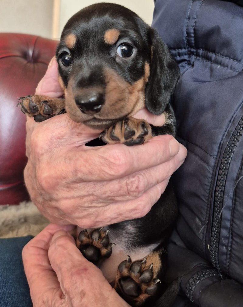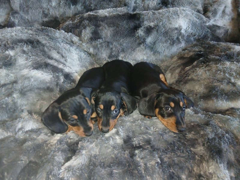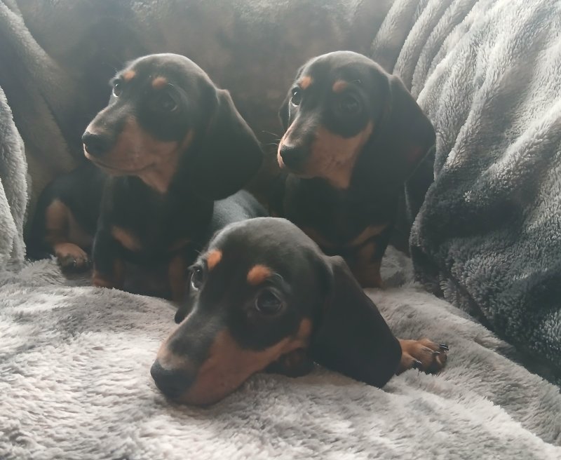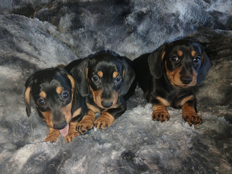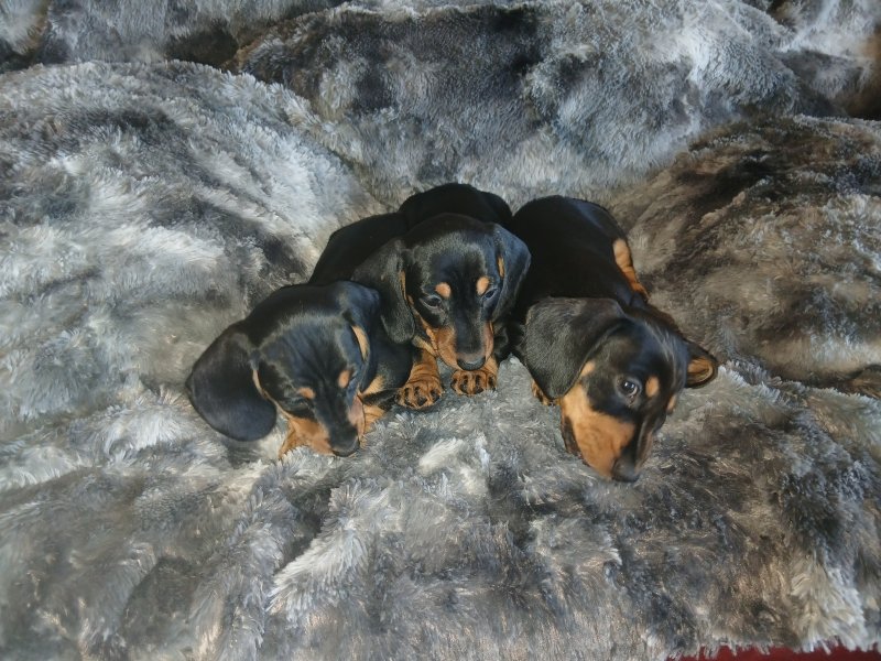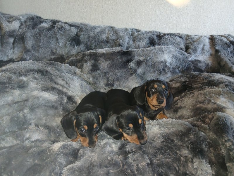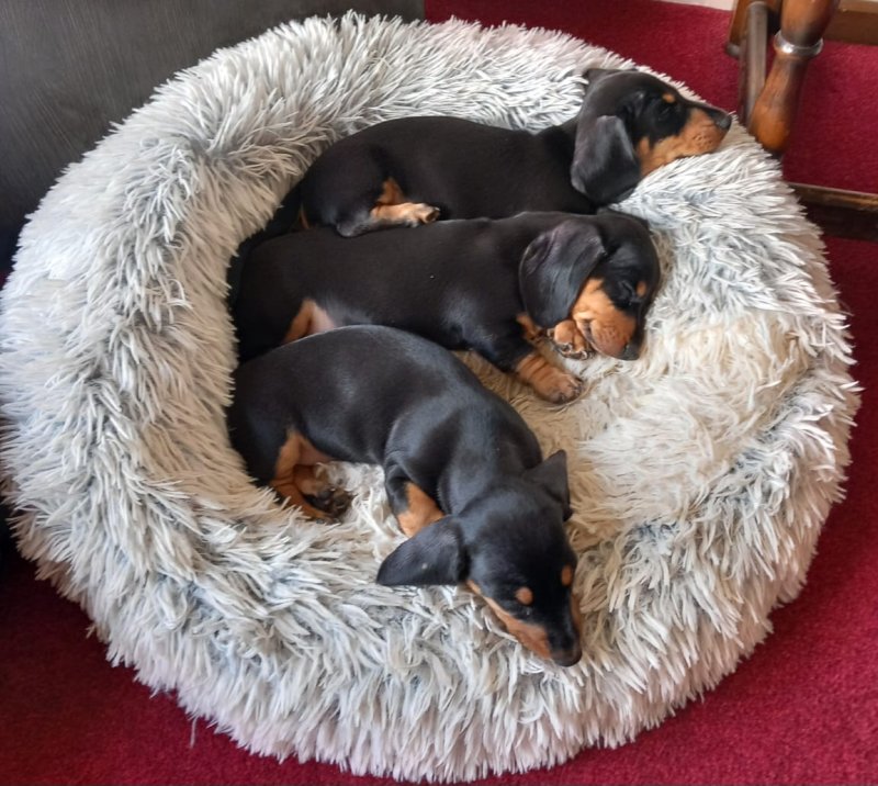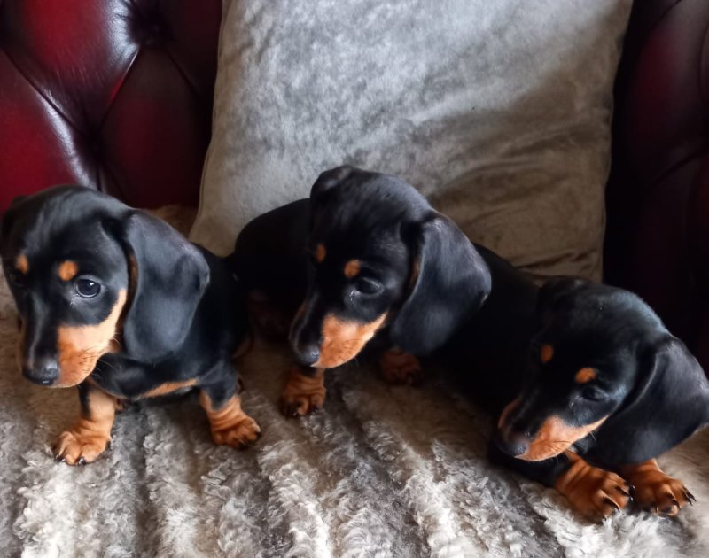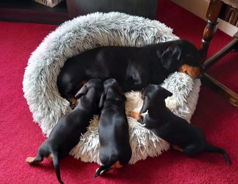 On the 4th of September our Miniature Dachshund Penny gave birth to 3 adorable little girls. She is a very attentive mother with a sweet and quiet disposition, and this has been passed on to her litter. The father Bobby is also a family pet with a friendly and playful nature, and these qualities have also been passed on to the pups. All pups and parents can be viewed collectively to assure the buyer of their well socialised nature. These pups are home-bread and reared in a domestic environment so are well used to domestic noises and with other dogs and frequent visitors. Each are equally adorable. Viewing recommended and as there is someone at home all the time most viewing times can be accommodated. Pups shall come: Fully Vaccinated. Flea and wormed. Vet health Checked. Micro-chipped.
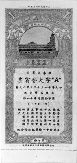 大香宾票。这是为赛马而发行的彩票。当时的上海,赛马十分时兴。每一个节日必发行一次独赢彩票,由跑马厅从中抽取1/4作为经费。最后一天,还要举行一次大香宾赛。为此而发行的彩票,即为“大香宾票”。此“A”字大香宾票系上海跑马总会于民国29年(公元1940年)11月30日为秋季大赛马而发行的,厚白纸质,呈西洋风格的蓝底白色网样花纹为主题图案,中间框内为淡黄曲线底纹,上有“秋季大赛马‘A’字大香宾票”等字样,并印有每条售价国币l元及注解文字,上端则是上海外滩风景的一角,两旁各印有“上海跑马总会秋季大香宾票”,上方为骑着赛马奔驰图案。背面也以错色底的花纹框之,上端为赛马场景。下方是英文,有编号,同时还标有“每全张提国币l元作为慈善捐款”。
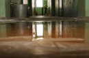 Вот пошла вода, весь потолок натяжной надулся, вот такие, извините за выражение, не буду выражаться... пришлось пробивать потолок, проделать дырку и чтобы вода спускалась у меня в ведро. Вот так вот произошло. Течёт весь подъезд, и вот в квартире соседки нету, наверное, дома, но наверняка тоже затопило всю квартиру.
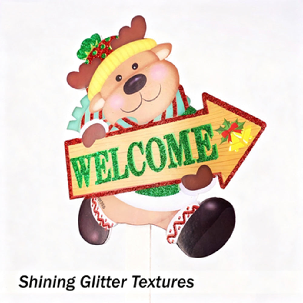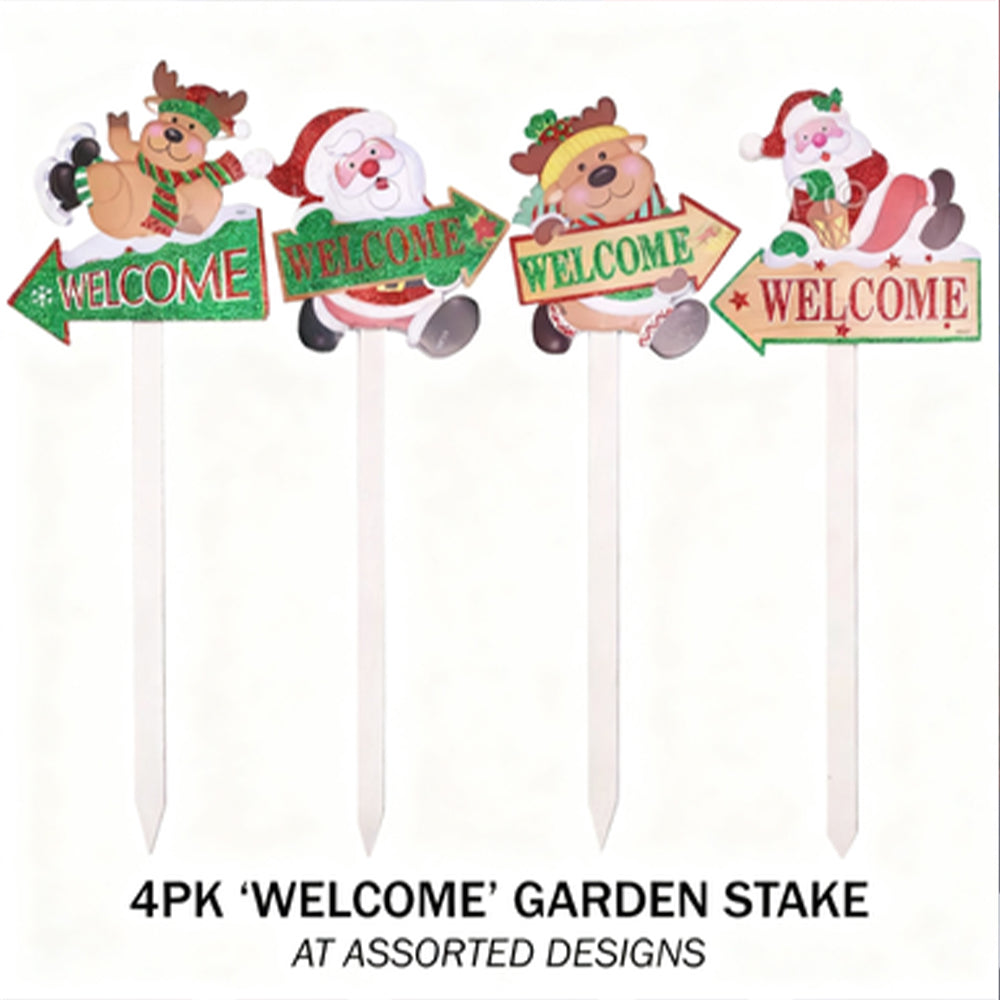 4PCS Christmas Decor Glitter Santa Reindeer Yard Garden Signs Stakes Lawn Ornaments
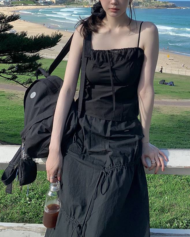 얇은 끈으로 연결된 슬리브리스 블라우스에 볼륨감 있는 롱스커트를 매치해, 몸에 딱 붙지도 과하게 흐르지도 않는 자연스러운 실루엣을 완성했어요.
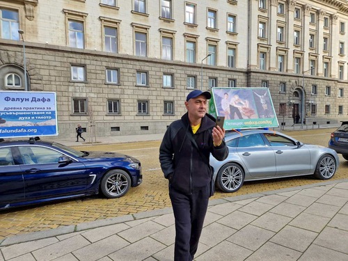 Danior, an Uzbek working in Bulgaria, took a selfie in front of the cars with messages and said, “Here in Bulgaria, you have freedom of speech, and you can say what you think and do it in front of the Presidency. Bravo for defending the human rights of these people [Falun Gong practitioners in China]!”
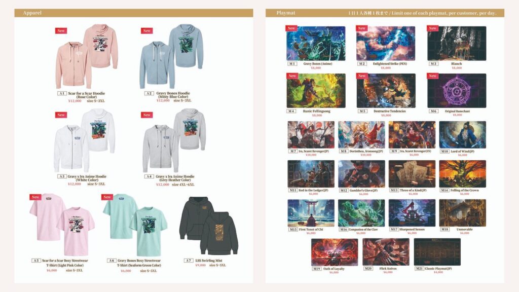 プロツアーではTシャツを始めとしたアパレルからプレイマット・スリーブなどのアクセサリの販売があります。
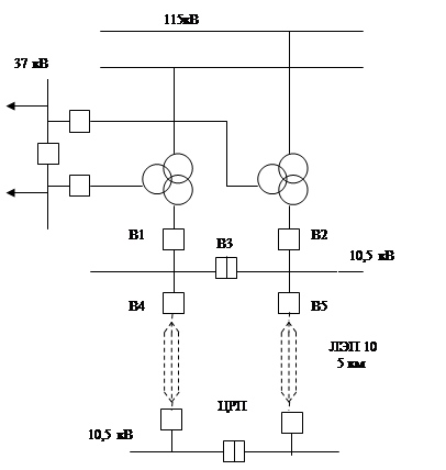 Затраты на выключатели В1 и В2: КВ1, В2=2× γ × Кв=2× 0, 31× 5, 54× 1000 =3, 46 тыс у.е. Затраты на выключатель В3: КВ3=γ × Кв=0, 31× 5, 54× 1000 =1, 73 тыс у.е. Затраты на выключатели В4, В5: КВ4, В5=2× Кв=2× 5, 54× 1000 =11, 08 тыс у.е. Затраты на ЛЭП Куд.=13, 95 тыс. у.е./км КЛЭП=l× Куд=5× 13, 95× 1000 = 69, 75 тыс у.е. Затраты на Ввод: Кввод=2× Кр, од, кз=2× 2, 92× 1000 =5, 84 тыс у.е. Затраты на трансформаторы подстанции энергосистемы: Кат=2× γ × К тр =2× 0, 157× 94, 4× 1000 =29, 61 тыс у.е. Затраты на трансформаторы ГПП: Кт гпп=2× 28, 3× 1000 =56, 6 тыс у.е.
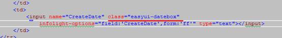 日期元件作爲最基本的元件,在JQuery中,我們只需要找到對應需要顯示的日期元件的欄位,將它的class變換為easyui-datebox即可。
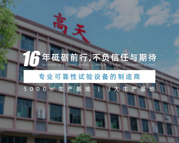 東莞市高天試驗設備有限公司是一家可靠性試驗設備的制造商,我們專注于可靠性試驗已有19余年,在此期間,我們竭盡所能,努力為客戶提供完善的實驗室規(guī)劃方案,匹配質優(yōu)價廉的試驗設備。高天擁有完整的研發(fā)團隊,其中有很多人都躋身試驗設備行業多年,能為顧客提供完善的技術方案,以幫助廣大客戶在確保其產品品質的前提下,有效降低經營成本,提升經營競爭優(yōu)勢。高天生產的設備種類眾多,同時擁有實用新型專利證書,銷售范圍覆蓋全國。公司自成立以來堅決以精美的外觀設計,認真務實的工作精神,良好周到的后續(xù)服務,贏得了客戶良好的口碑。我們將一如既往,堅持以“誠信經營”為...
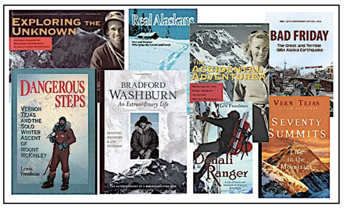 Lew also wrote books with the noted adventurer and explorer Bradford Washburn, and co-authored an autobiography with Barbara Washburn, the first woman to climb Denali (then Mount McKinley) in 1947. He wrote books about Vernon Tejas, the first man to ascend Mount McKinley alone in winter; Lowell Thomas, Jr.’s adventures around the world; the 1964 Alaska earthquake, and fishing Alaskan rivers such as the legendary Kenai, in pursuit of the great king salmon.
--*--
▸ **ASSIGNMENT**: This calls for an exact copy of all the entries above, with the pictures omitted.

▸ **TASK RESPONSE**:
 On the 4th of September our Miniature Dachshund Penny gave birth to 3 adorable little girls. She is a very attentive mother with a sweet and quiet disposition, and this has been passed on to her litter. The father Bobby is also a family pet with a friendly and playful nature, and these qualities have also been passed on to the pups. All pups and parents can be viewed collectively to assure the buyer of their well socialised nature. These pups are home-bread and reared in a domestic environment so are well used to domestic noises and with other dogs and frequent visitors. Each are equally adorable. Viewing recommended and as there is someone at home all the time most viewing times can be accommodated. Pups shall come: Fully Vaccinated. Flea and wormed. Vet health Checked. Micro-chipped.
 大香宾票。这是为赛马而发行的彩票。当时的上海,赛马十分时兴。每一个节日必发行一次独赢彩票,由跑马厅从中抽取1/4作为经费。最后一天,还要举行一次大香宾赛。为此而发行的彩票,即为“大香宾票”。此“A”字大香宾票系上海跑马总会于民国29年(公元1940年)11月30日为秋季大赛马而发行的,厚白纸质,呈西洋风格的蓝底白色网样花纹为主题图案,中间框内为淡黄曲线底纹,上有“秋季大赛马‘A’字大香宾票”等字样,并印有每条售价国币l元及注解文字,上端则是上海外滩风景的一角,两旁各印有“上海跑马总会秋季大香宾票”,上方为骑着赛马奔驰图案。背面也以错色底的花纹框之,上端为赛马场景。下方是英文,有编号,同时还标有“每全张提国币l元作为慈善捐款”。
 Вот пошла вода, весь потолок натяжной надулся, вот такие, извините за выражение, не буду выражаться... пришлось пробивать потолок, проделать дырку и чтобы вода спускалась у меня в ведро. Вот так вот произошло. Течёт весь подъезд, и вот в квартире соседки нету, наверное, дома, но наверняка тоже затопило всю квартиру.
 4PCS Christmas Decor Glitter Santa Reindeer Yard Garden Signs Stakes Lawn Ornaments
 얇은 끈으로 연결된 슬리브리스 블라우스에 볼륨감 있는 롱스커트를 매치해, 몸에 딱 붙지도 과하게 흐르지도 않는 자연스러운 실루엣을 완성했어요.
 Danior, an Uzbek working in Bulgaria, took a selfie in front of the cars with messages and said, “Here in Bulgaria, you have freedom of speech, and you can say what you think and do it in front of the Presidency. Bravo for defending the human rights of these people [Falun Gong practitioners in China]!”
 プロツアーではTシャツを始めとしたアパレルからプレイマット・スリーブなどのアクセサリの販売があります。
 Затраты на выключатели В1 и В2: КВ1, В2=2× γ × Кв=2× 0, 31× 5, 54× 1000 =3, 46 тыс у.е. Затраты на выключатель В3: КВ3=γ × Кв=0, 31× 5, 54× 1000 =1, 73 тыс у.е. Затраты на выключатели В4, В5: КВ4, В5=2× Кв=2× 5, 54× 1000 =11, 08 тыс у.е. Затраты на ЛЭП Куд.=13, 95 тыс. у.е./км КЛЭП=l× Куд=5× 13, 95× 1000 = 69, 75 тыс у.е. Затраты на Ввод: Кввод=2× Кр, од, кз=2× 2, 92× 1000 =5, 84 тыс у.е. Затраты на трансформаторы подстанции энергосистемы: Кат=2× γ × К тр =2× 0, 157× 94, 4× 1000 =29, 61 тыс у.е. Затраты на трансформаторы ГПП: Кт гпп=2× 28, 3× 1000 =56, 6 тыс у.е.
 日期元件作爲最基本的元件,在JQuery中,我們只需要找到對應需要顯示的日期元件的欄位,將它的class變換為easyui-datebox即可。
 東莞市高天試驗設備有限公司是一家可靠性試驗設備的制造商,我們專注于可靠性試驗已有19余年,在此期間,我們竭盡所能,努力為客戶提供完善的實驗室規(guī)劃方案,匹配質優(yōu)價廉的試驗設備。高天擁有完整的研發(fā)團隊,其中有很多人都躋身試驗設備行業多年,能為顧客提供完善的技術方案,以幫助廣大客戶在確保其產品品質的前提下,有效降低經營成本,提升經營競爭優(yōu)勢。高天生產的設備種類眾多,同時擁有實用新型專利證書,銷售范圍覆蓋全國。公司自成立以來堅決以精美的外觀設計,認真務實的工作精神,良好周到的后續(xù)服務,贏得了客戶良好的口碑。我們將一如既往,堅持以“誠信經營”為...
 Lew also wrote books with the noted adventurer and explorer Bradford Washburn, and co-authored an autobiography with Barbara Washburn, the first woman to climb Denali (then Mount McKinley) in 1947. He wrote books about Vernon Tejas, the first man to ascend Mount McKinley alone in winter; Lowell Thomas, Jr.’s adventures around the world; the 1964 Alaska earthquake, and fishing Alaskan rivers such as the legendary Kenai, in pursuit of the great king salmon.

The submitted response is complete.